Some data leaks are subtle. For example, time leakage occurs when the training data includes points after the test data, which is problematic because the future depends on the past. As an example, Malik cites an article from 20114 which claimed that a model analyzing the mood of Twitter users could predict the closing value of the stock market with 87.6% accuracy. But because the team had tested the predictive power of the model using data from a time period before some of its trainings, the algorithm had effectively been allowed to see into the future, he says.
The broader issues include training models on datasets narrower than the population they are ultimately meant to reflect, Malik says. For example, an AI that spots pneumonia on chest X-rays that have only been trained on older people might be less accurate on younger people. Another problem is that algorithms often end up relying on shortcuts that don’t always stick, says Jessica Hullman, a computer scientist at Northwestern University in Evanston, Illinois, who will speak at the workshop. For example, a computer vision algorithm could learn to recognize a cow by the grassy background in most cow images, so it would fail when it encountered an image of the animal on a mountain or a beach.

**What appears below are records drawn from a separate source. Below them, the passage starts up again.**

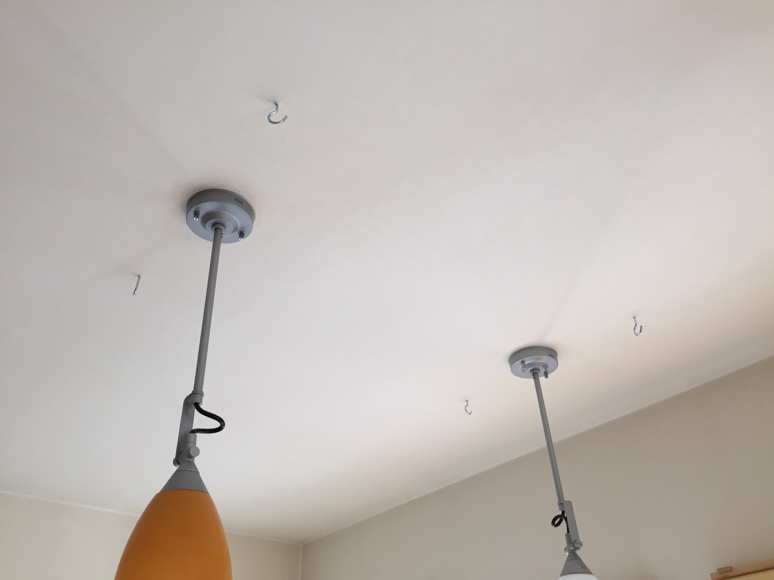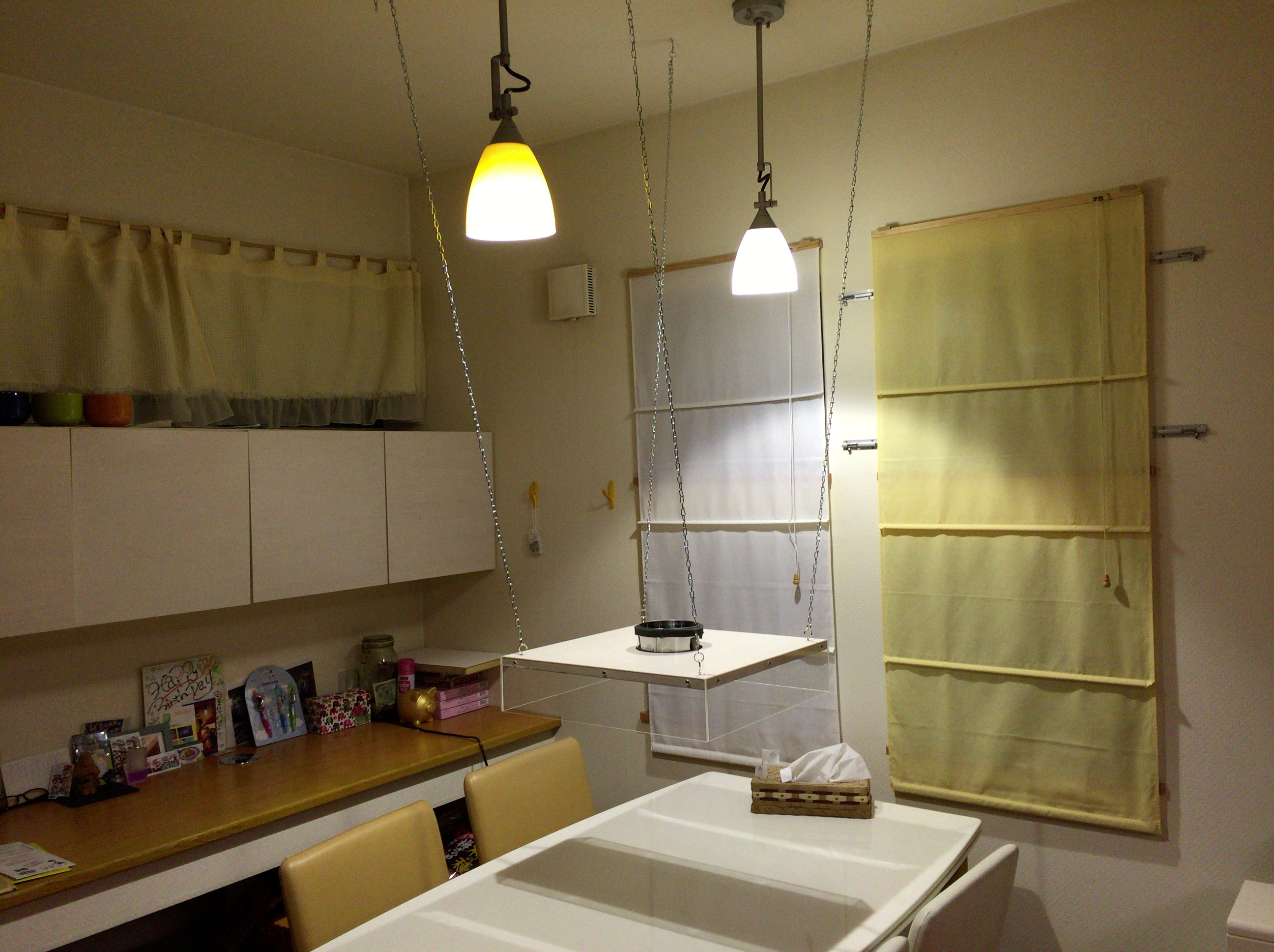 天井にフックを取り付けて、これにチェーンでフードを吊り下げます。
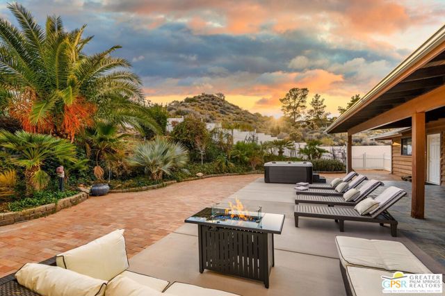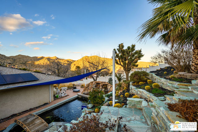 ATTENTION Buyers, The Koi pond has been evaluated and confirmed it can be converted to a pool. We have a new bid in hand. Discover Ridge Oasis, a stunning 3-bedroom, 2.5-bath fully-furnished retreat set against the hills of Yucca Valley's serene Country Club neighborhood. Perfect as a primary residence, a vacation escape, or a high-potential investment, this fully furnished home blends desert serenity with modern elegance, just minutes from Joshua Tree National Park. Inside, the open floor plan is bright and spacious, with high ceilings and clean modern finishes. The centerpiece is a gourmet kitchen, outfitted with dual islands, two sinks, and premium appliances; it's a chef's dream, perfect for family gatherings or entertaining. Enjoy morning coffee at the breakfast nook or host dinner parties in the elegant dining room, with seating for eight, complete with a cozy reading corner overlooking the expansive living area. The living room, bathed in natural light, offers breathtaking desert views through its expansive windows. Avast stone fireplace completes the space, creating a seamless connection to nature. The primary suite is a true haven, offering a sitting area, a spa-inspired ensuite with dual vanities, and walk-out doors to a serene patio - perfect for starlit evenings. Two guest bedrooms share a spacious bathroom with dual zones for privacy. A powder room and full laundry room round out the interior layout. Outside, the gated property invites exploration. Wonder paths lined with palm and Joshua trees, relax by the exotic Japanese Koi pond (which includes complete pool infrastructure for conversion), or stargaze from the upper deck's sweeping views. The hot tub and spacious entertainment patio make it easy to host and unwind. The home also comes with a three-car garage, a large custom shed, and an upgraded solar system (keeping utility costs low).Just a short drive from local dining, shopping, and hiking, Ridge Oasis offers seclusion and accessibility. Schedule your tour today to claim this desert masterpiece as your forever home!
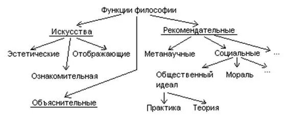 Как видим, далее общего описания мы не идем, и идти не можем. Возможно, конечно, и какое-то иное представление функций философии (от перемены мест слагаемых сумма не меняется). Можно было бы в отдельную рекомендательную функцию выделить эвристическую, ибо она одна из основных, а также работает во всех иных функциях (да-да, это не только наука. В конце концов, откуда взялась демократия, конституция?). Но, несмотря на некоторую поверхностность предложений схемы, она всё же замечательна тем, что показывает нам саму философию; по одним только функциям здесь уже можно вполне ясно представить и определить себе философию. Все общепринятые сейчас философские функции входят сюда, но те структуры не отражают сути вещей, а потому окститесь и вслушайтесь (а ещё лучше – задумайтесь), ибо правда была сказана.
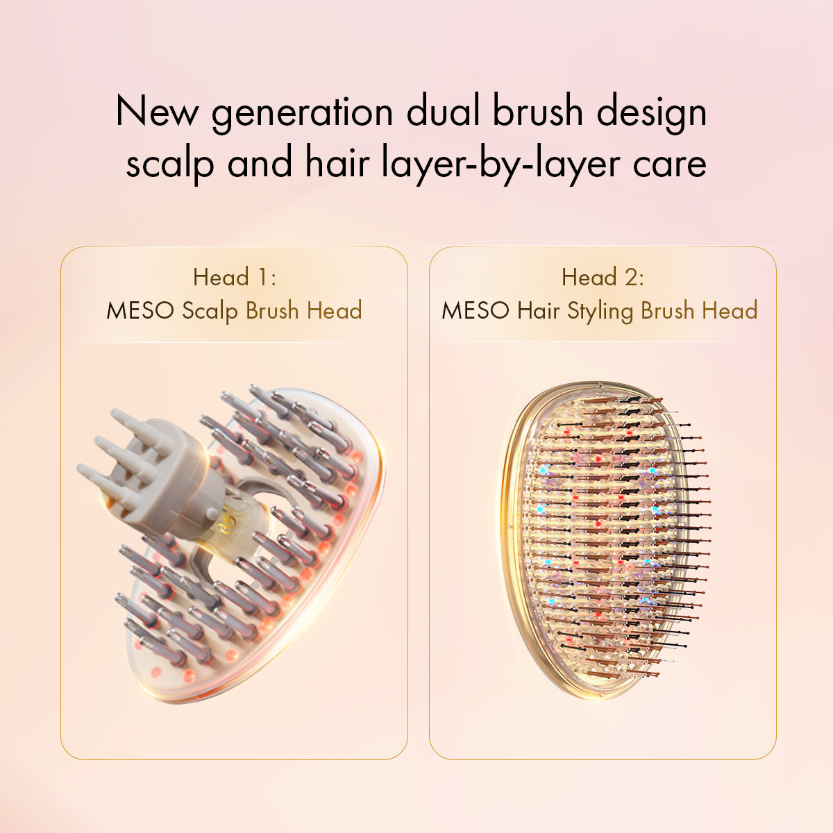 Revitalize scalp with the Mesotherapy Scalp Brush – 44 soft silicone bristles, EMS microcurrent, LED red light, and mesoporation technology for deep scalp nourishment and follicle activation.

The high accuracy of predictions in tests often fools people into thinking the models are capturing the “true structure of the problem” in a human-like way, she says. The situation is similar to the replication crisis in psychology, in which people place too much faith in statistical methods, she adds.
The hype around the capabilities of machine learning has played a role in researchers accepting their findings too easily, Kapoor says. The word “prediction” itself is problematic, says Malik, because most predictions are actually tested in hindsight and have nothing to do with predicting the future.
Troubleshoot data leaks
Kapoor and Narayanan’s solution to combating data leaks is for researchers to include evidence in their manuscripts that their models do not have each of the eight types of leaks. The authors suggest a model for such documentation, which they call “model information” sheets.
Over the past three years, biomedicine has come a long way with a similar approach, says Xiao Liu, a clinical ophthalmologist at the University of Birmingham, UK, who helped create reporting guidelines for studies involving AI, for example in screening or diagnosis. In 2019, Liu and his colleagues found that only 5% of more than 20,000 articles using AI for medical imaging were described in enough detail to determine if they would work in a clinical setting.5. The guidelines don’t directly improve anyone’s models, but they “make it really obvious who the people are who did it right, and who maybe the ones who didn’t do it well,” she says. , which is a resource that regulators can tap into.
Collaboration can also help, says Malik. He suggests that studies involve both specialists in the relevant discipline and researchers in machine learning, statistics and survey sampling.
Areas where machine learning finds leads — like drug discovery — stand to benefit hugely from the technology, Kapoor says. But other areas will need more work to show that it will be useful, he adds. Although machine learning is still relatively new in many fields, researchers need to avoid the kind of crisis of confidence that followed the replication crisis in psychology a decade ago, he says. “The longer we delay it, the bigger the problem will be.”